NodeRegex Split


This node splits the string content of a selected column into logical groups using regular expressions. A group is identified by a pair of parentheses, whereby the pattern in such parentheses is a regular expression. Each content of each group is appended as an individual column.

A short introduction to Groups and Capturing is given by in the Java API . Some examples are given below:

Parsing Patent Numbers

Patent identifiers such as "US5443036-X21" consisting of a (at most) two letter country code ("US"), a patent number ("5443036") and possibly some application code ("X21"), which is separated by a dash or a space character, can be grouped by the expression ([A-Za-z]{1,2})([0-9]*)[ \-]*(.*$). Each of the parenthesized terms corresponds to the aforementioned properties.

Strip File URLs

This is particularly useful when this node is used to parse the file URL of a file reader node (the URL is exposed as flow variable and then exported to a table using a Variable to Table node).
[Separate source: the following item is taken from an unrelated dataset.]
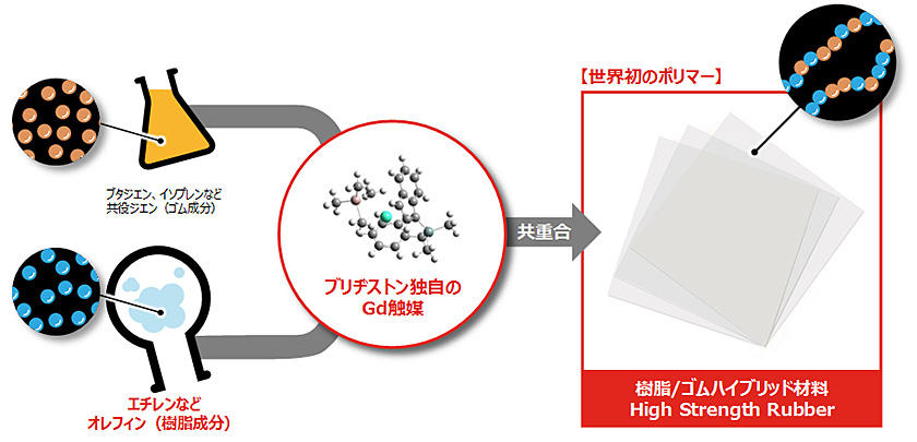従来、ゴムと樹脂を分子レベルで結び付けるのは極めて困難とされてきましたが、ブリヂストンが独自に開発した「ガドリニウム触媒」を用いることで、世界で初めてこれを実現しました。
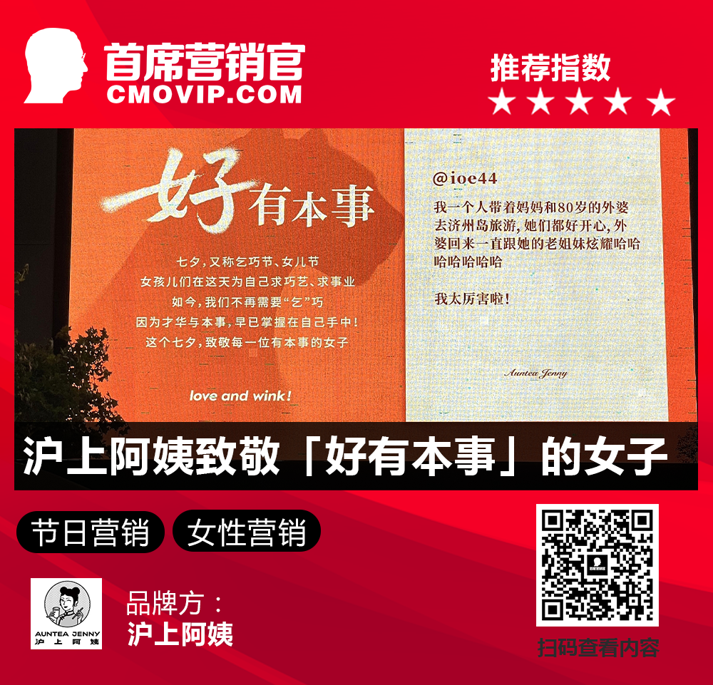 点评:此次七夕营销,沪上阿姨精准洞察了当下女性对于自我价值认同的追求,将品牌理念与女性力量深度融合,也在消费者心中树立了积极向上的品牌形象。

The format of such URLs is similar to "file:c:\some\directory\foo.csv". Using the pattern [A-Za-z]*:(.*[/\\])(([^\.]*)\.(.*$)) generates four groups (by counting the number of opening parentheses): The first group identifies the directory and is denoted by "(.*[/\\])". It consumes all characters until a final slash or backslash is encountered; in the example this refers to "c:\some\directory\". The second group represents the file name, whereby it encapsulates the third and fourth group. The third group (denoted by "([^\.]*)") consumes all characters after the directory, which are not a dot '.' (which is "foo" in the above example). The pattern expects a single dot (which is ignored) and finally the fourth group "(.*$)", which reads until the end of the string and indicates the file suffix ('csv'). The groups for the above example are

  1. c:\some\directory
  2. foo.csv
  3. foo
  4. csv

Input Ports

  1. Port Type: Data
    Input table with string column to be split.

Output Ports

  1. Port Type: Data
    Input table amended by additional column representing the pattern groups.